Si certains essayent de comprendre ce qu’il se passe sous le capot de la machine, d’autres essaient de mieux comprendre ce qui se passe dans les esprits des inventeurs ou des développeurs de l’intelligence artificielle. Dans ce cadre, certains expliquent que les inventeurs de l’intelligence artificielle, ou ceux qui la développent, peuvent avoir dans certains cas des accents transhumanistes ou long-termistes.
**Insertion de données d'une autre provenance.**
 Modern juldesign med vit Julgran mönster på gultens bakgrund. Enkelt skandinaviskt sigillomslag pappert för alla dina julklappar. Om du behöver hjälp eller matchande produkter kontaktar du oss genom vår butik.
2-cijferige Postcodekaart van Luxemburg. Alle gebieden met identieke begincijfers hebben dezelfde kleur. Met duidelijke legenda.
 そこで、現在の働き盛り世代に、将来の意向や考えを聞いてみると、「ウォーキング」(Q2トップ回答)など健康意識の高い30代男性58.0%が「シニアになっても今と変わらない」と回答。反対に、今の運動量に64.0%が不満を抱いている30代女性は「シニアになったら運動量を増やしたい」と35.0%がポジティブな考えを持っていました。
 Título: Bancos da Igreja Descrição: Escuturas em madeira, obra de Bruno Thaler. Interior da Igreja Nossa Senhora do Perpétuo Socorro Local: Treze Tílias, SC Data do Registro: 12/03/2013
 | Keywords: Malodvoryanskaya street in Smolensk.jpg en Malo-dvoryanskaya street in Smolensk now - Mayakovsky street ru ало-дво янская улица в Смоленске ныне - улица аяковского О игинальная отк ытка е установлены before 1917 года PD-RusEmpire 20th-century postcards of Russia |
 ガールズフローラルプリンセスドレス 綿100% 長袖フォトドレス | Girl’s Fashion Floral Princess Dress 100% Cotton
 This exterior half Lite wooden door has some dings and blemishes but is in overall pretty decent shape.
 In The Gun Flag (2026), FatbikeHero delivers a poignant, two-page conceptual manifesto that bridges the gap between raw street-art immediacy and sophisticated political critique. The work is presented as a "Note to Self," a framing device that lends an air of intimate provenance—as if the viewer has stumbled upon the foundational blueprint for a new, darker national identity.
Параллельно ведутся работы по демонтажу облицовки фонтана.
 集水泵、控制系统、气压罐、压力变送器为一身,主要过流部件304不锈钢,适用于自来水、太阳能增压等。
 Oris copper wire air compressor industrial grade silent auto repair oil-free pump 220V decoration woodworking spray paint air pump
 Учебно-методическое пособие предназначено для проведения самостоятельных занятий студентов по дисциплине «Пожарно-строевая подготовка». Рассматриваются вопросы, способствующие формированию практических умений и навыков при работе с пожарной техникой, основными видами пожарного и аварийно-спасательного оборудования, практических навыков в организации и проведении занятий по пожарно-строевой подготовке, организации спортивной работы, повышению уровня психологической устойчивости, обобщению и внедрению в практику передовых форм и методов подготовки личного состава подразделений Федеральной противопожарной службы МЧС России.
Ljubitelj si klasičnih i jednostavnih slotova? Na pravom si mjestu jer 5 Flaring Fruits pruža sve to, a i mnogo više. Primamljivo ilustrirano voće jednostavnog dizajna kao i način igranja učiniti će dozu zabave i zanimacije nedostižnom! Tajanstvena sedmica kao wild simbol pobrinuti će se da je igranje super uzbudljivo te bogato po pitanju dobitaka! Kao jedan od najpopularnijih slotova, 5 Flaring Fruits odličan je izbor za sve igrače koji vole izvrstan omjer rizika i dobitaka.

Rappelons que le transhumanisme prône l’usage des sciences et des techniques afin d’améliorer la condition humaine par l’augmentation des capacités physiques et mentales et de supprimer le vieillissement et la mort. Les transhumanistes croient que les progrès scientifiques et technologiques permettront de transcender les limites biologiques actuelles et de créer une nouvelle forme d’être humain, le post-humain.
Le long-termisme quant à lui est une théorie morale qui donne la priorité à l’amélioration du bien-être de l’humanité à long terme sur l’amélioration du bien-être de l’humanité présente. Ils croient que les progrès scientifiques et technologiques permettront de créer un avenir meilleur pour l’humanité. L’investissement dans les technologies doit assurer que l’humanité existe et prospère à long terme.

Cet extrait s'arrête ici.